It was the “tempest in a teapot” that turned into a $6.2 billion trading loss and public relations storm. Now it may sink at least some of JPMorgan (JPM) CEO Jamie Dimon's 2012 compensation.
The infamous “London Whale” trade is making a splash again this week. The Wall Street Journal, citing people close to JPMorgan, reported that the bank's board is “expected to dock the 2012 bonuses of CEO Jamie Dimon and another top executive because of the ‘London Whale’ trading debacle."
In addition, Bloomberg reports JPMorgan’s board will review an internal report that faults Dimon for oversight of the Whale-trade division and will consider releasing it when the bank announces fourth-quarter earnings Wednesday.
This report is said to build on a preliminary analysis from July, when the bank disclosed that certain individuals involved in the trade may have been trying to avoid disclosing the full amount of the loss. The findings suggested people involved may have essentially engaged in a cover-up.
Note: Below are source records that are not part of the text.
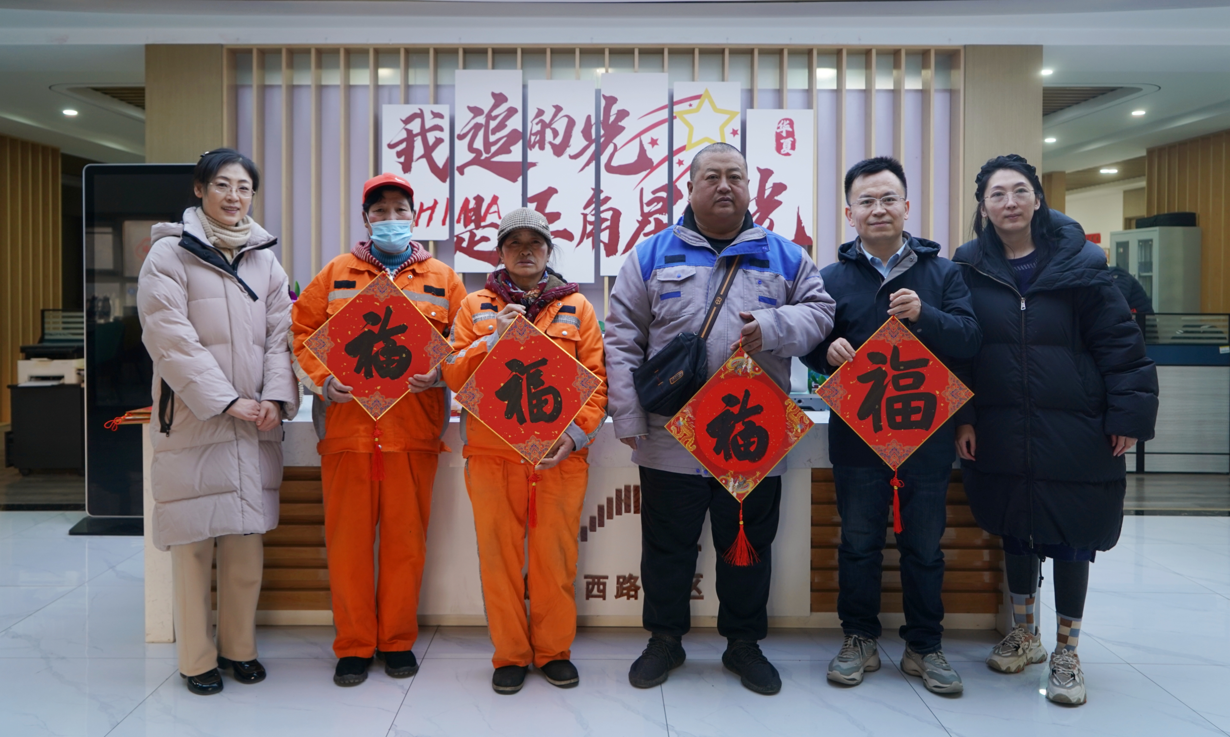 随后,学校代表与社区工作人员组成慰问小组,带着手写“福”字与春联,先后走访快递驿站与环卫工之家。在快递驿站,慰问小组将新春祝福送到忙碌的快递员手中,感谢他们风雨无阻、日夜奔波,为市民的日常生活提供便利;在环卫工之家,慰问小组与环卫工人亲切交谈,赞扬他们用辛勤的汗水守护城市整洁靓丽,并为他们送上新春问候。一线劳动者们接过饱含情谊的书法作品,纷纷表示深受感动,并对学校和社区的关怀表示衷心感谢。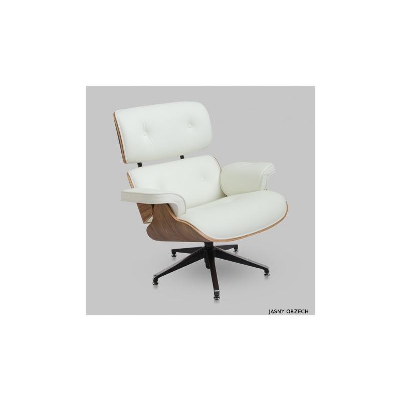 FOTEL TOKYO BIAŁA SKÓRA/JASNY ORZECH jest niezwykle oryginalny, prezentuje nowoczesną odsłonę i przyciąga uwagę swą niezwykłą i urzekającą stylistyką. Jest to inspirowany model projektu Lounge Chair Eames. Stać się on może wizytówką każdego aranżowanego, nowoczesnego wnętrza i to zarówno domowego salonu jak i przestrzeni biurowej. Fotel został ubrany w nowoczesną i ekskluzywną, a przy tym fantazyjną skórę włoską.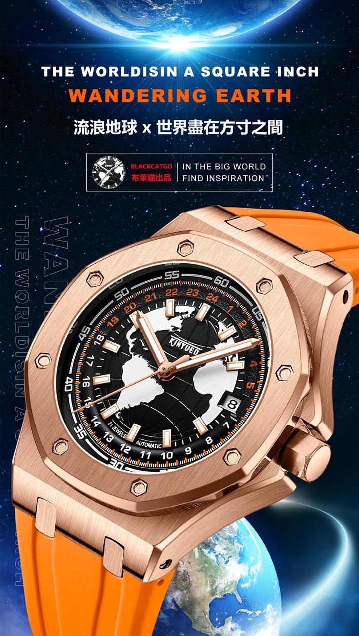 富西尼FORSINING日曆多功能飛輪男士自動機械錶膠帶男錶wat1131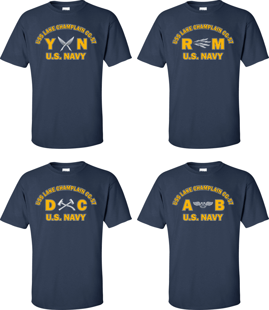 Due to disruptions in supply chains, this design will be embroidered on a Champion, Gildan, Jerzees or comparable brand.Proudly display your ship and rate with our top quality USS LAKE CHAMPLAIN CG-57 Rates t-shirts, sweatshirts, and hoodies. These fine U.S. Navy apparel items will make you the envy of your veteran buddies, or will make a fine gift! Our USS LAKE CHAMPLAIN CG-57 shirts are proudly printed in the USA!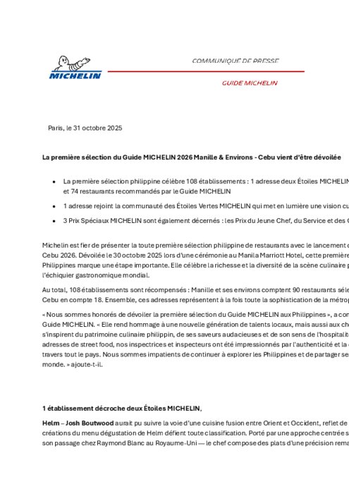 Michelin est fier de présenter la toute première sélection philippine de restaurants avec le lancement du Guide Michelin Manille et Environs – Cebu 2026. Dévoilée le 30 octobre lors d’une cérémonie au Manila Marriott Hotel, cette première édition du Guide Michelin consacrée aux Philippines marque une étape importante. Elle célèbre la richesse et la diversité de la scène culinaire philippine, affirmant son entrée remarquée sur l’échiquier gastronomique mondial.
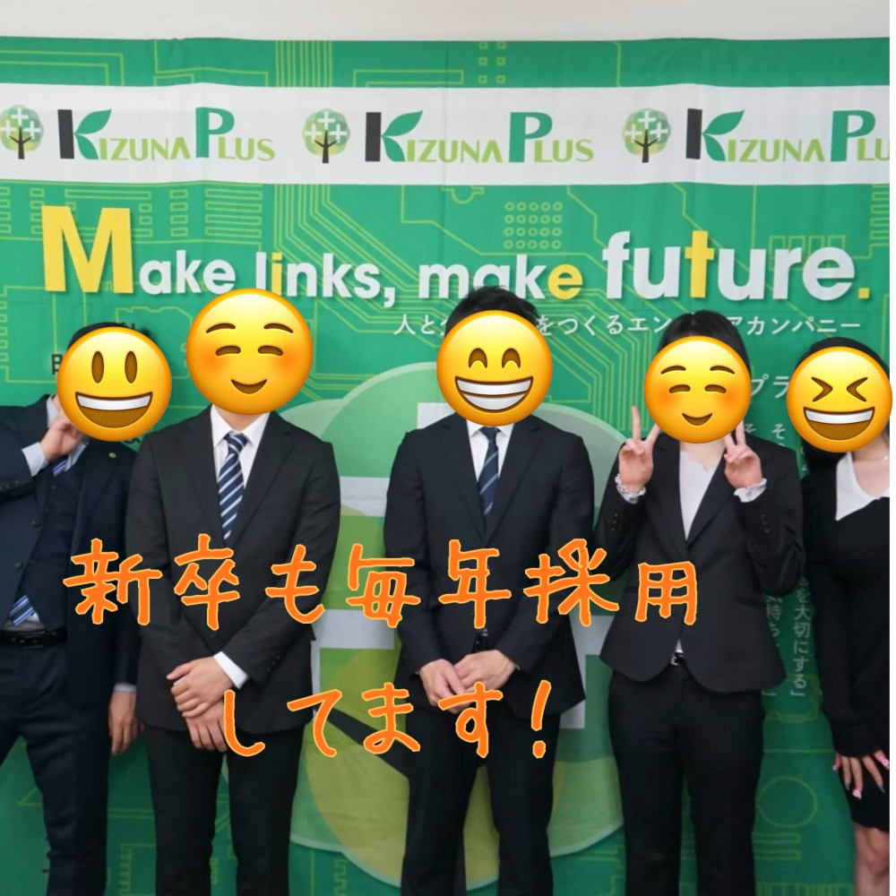 | 採用までの流れ | ここまでお読みいただきありがとうございます。 少しでもご興味をお持ちいただけましたら、まずはお気軽にご応募ください。 *WEBからのご応募は24時間受付中 *ご連絡・ご返信は平日9:00~18:00となります *ご不明点や気になることがあれば、お気軽にお問い合わせください! ▽カジュアル面談実施中▽ 「いきなり応募は不安…」 「仕事内容や職場の雰囲気を先に知りたい」 そんな方に向けて、カジュアル面談を実施しています。 下記エントリーフォームより ・お名前 ・メールアドレス ・ご希望日時 をご入力いただくだけでOK! *履歴書・職務経歴書は不要です。 ▽登録の際は…▽ <持ち物> ・履歴書 ・職務経歴書 <所要時間> ・約60分 ┗派遣会社のご紹介、ご経歴・スキルの確認、 ご希望条件のヒアリングなどを行います。 <曜日・時間> 平日:9:00~18:00 ※上記時間外をご希望の方も、お気軽にご相談ください。 ※WEB・対面どちらも対応可能です。 ▽派遣会社▽ キズナプラス株式会社 ※勤務地は東京都府中市(分倍河原駅より徒歩2分) ※社会インフラを支える安定プロジェクトで、 未経験からエンジニアを目指したい方を全力でサポートします。 |
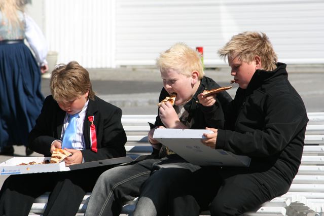 17 mei was de nationale feestdag van de Noren. Een groot deel van de mannen, vrouwen en kinderen lopen in de klederdracht van de streek. Het is met name een kinderdag. Met twee keer een optocht, veel vlaggetjes, de plaatselijke brandweer( die heb je wel nodig met al die houten huizen), het rode kruis en een in vol ornaat gestoken dominee, die bijna een uur zijn zegeningen over de goegemeente heeft uitgestort.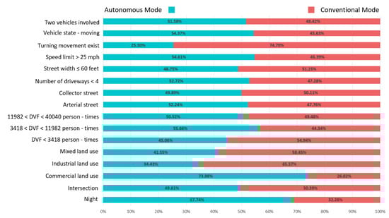 Before modeling, some typical variables that describe driving conditions were picked out and a percent-stacking bar chart was plotted. As can be seen from Figure 1, the proportion of each selected variable, such as the time of crashes (Night), road characteristics (Speed limit, Street width, Number of driveways, Street type), type of the crash places (Daily visitors’ flowrate (DVF), Intersection, Land use), and vehicle state at the time of crashes (Turning movement, Vehicle state) was similar, which meant crashes in the autonomous driving mode and conventional driving mode occurred under similar conditions, and they were comparable.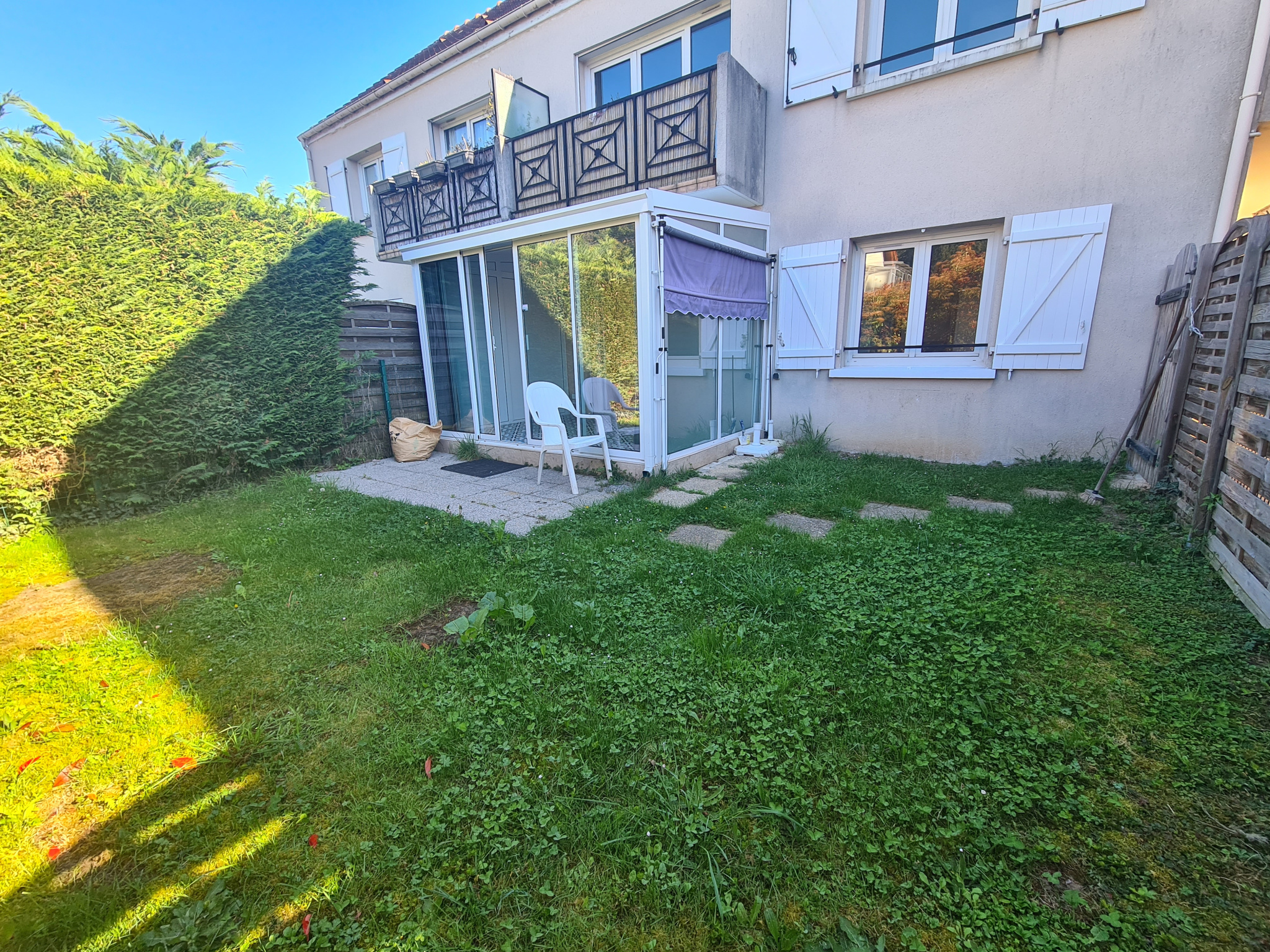 10' RER, petite résidence calme, appartement 2 pièces avec jardin : coin-cuisine aménagé, plaques, hotte, four, séjour, vérandas, terrasse, jardin,...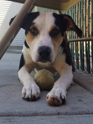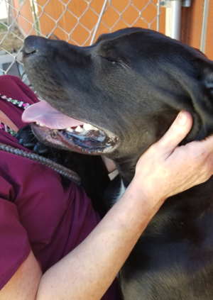 “Rocky” is a male pit bull-mastiff with a short black coat.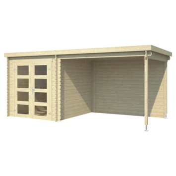 Het tuinhuis heeft een dubbele deur, voorzien van glas, zodat je overdag veel lichtinval hebt. Ook het raam aan de voorzijde zorgt voor extra licht. De deuren kun je veilig afsluiten met het bijgeleverde cilinderslot. Het platte dak helt met een heel lichte hoek met een kleine overstek voor de afwatering en wordt geleverd met een dakbedekking van asfaltvlies zodat het tuinhuis waterdicht is. Bij platte daken is het mogelijk om nog een extra laag bitumen aan de bovenkant van het dak te plaatsen om ervoor te zorgen dat het tuinhuis ook voor een langere periode beschermd is tegen water.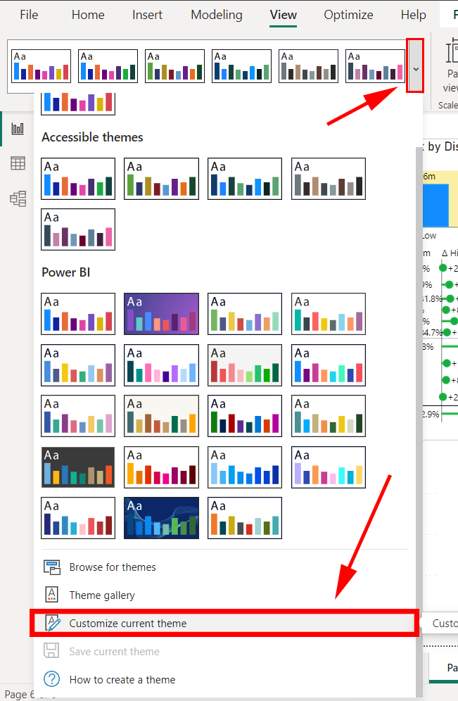 You can customize the theme settings in Power BI on the **View** ribbon. Then open the theme selection and click **Customize current theme**.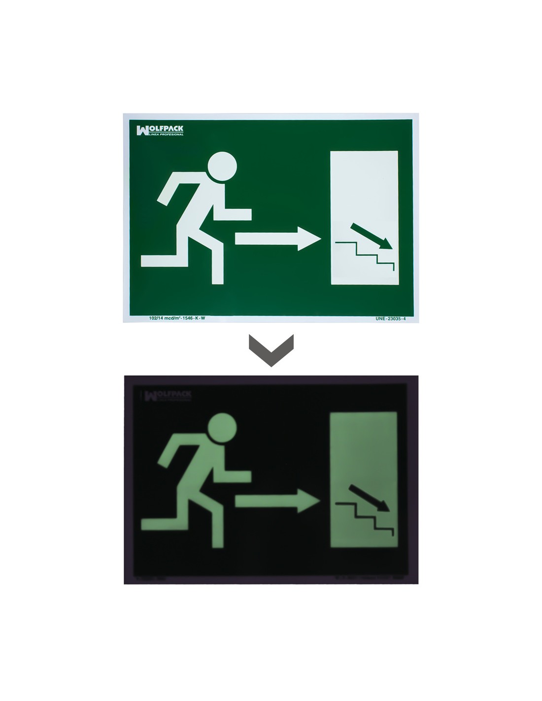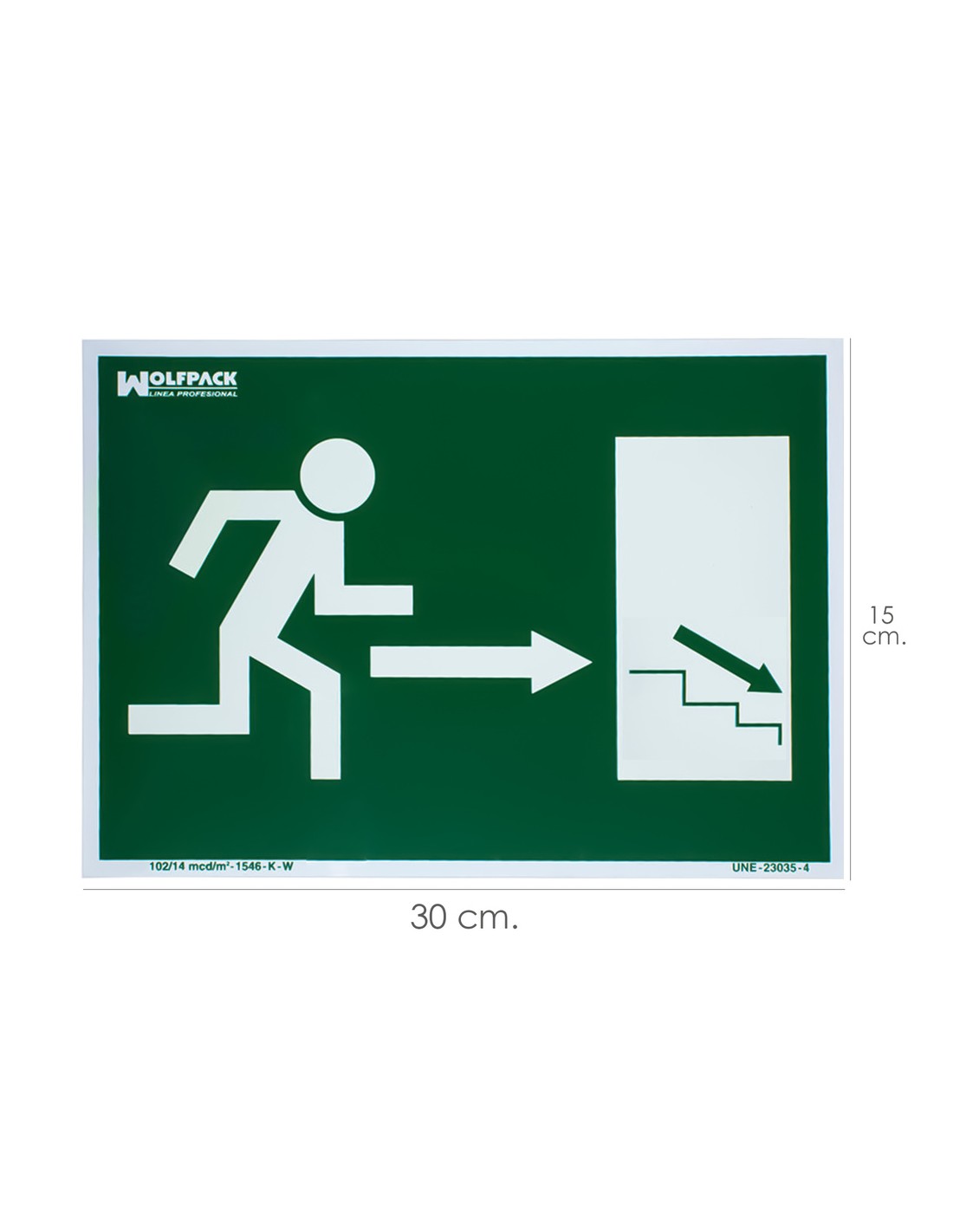 Cartel / Señal Fluorescente / Señal Fluorescente Salida Escalera Derecha Abajo 21x30 cm.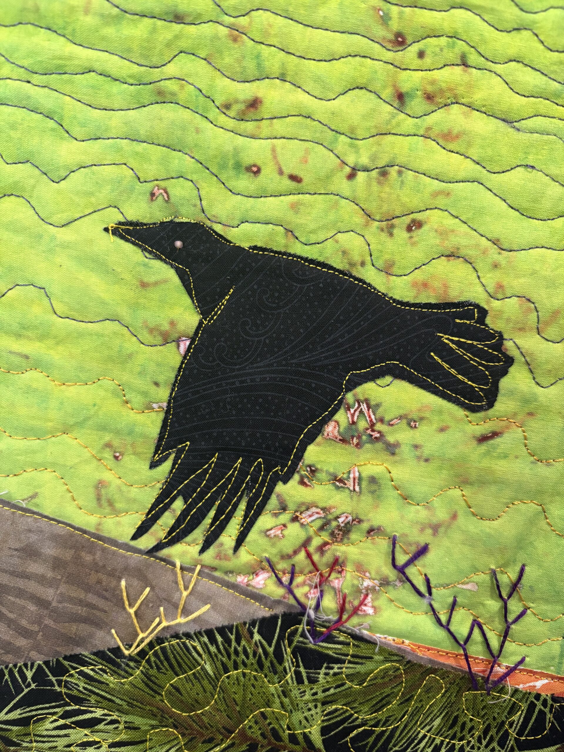 My paintings and art quilts are a balancing act between intuition and control, spontaneity and technique. My goal is to create a piece that causes you to discover something new. Even when experimenting with fused fabric collage I attempt to convey a sense of place that often includes ravens and other creatures great and small.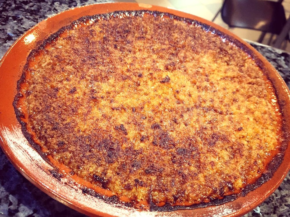Die Encharcada in eine Servierschale oder Auflaufform füllen. Traditionell wird sie nun im Ofen kurz überbacken oder mit einem Bunsenbrenner an der Oberfläche leicht karamellisiert, um braune Spitzen zu erzeugen.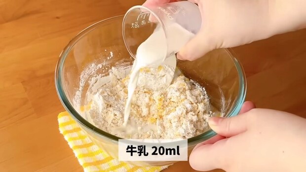 粉っぽさがなくなるまで混ぜ、生地をまとめます。もし、まとまらない場合は、小さじ1ずつ新たに牛乳を加えましょう。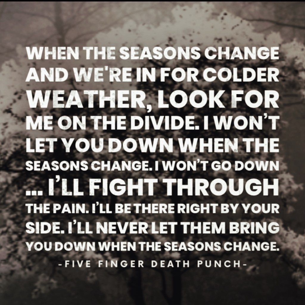 When the seasons change and we’re in for colder weather I won’t let you down when the seasons change. I won’t go down. I’ll fight through the pain. I’ll be there right by your side. I’ll never let them bring you down when the seasons change.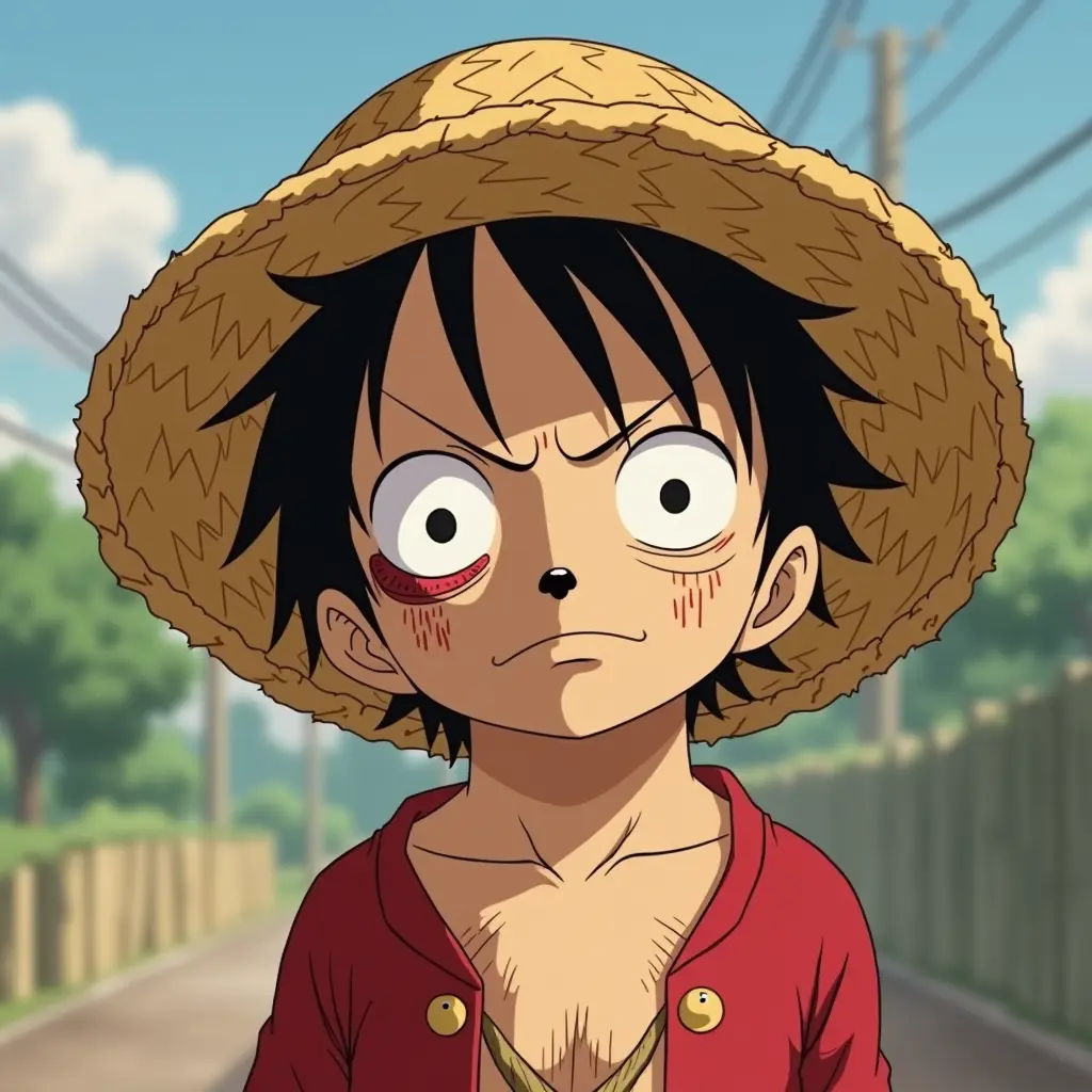 صورة كلب يرتدي قبعة القش الخاصة بلوفي من انمي ون بيس ولدى الكلب نفس شعر لوفي وتحت عينه توجد الإصابة اللتي حدثت له في طفولته

The Whale trading loss came from a complicated bet on credit derivatives made by JPM’s Chief Investment Office out of London, which reportedly manages the bank’s excess cash and risk. Shares of JP Morgan Chase tumbled last May when the bank first revealed the $2 billion trading loss. The news prompted calls from critics for more stringent bank regulation and, in some cases, for Dimon to lose his job.
Dimon could now stand to lose his position as the highest-paid big bank CEO, according to The Wall Street Journal. Dimon received a reported $23 million in compensation for 2011, with his cash bonus totaling $4.5 million. WSJ reports the next highest paid banker is Wells Fargo’s John Stumpf, with compensation of $19.8 million last year. According to the Telegraph, Dimon’s compensation in recent years is still less than half of the record $49.9 million he received in 2007.
The “London Whale” episode has raised questions about the types of risks federally-backed banks continue to take post-crisis. It’s also raised concerns over the types of hedges that may or may not be prohibited under the Volcker Rule, a part of Dodd-Frank that was supposed to stop banks from proprietary trading. While we continue to see traces of the London Whale, a final draft of the Volcker Rule has yet to rear its head after missing a Dec. 31, 2012 deadline.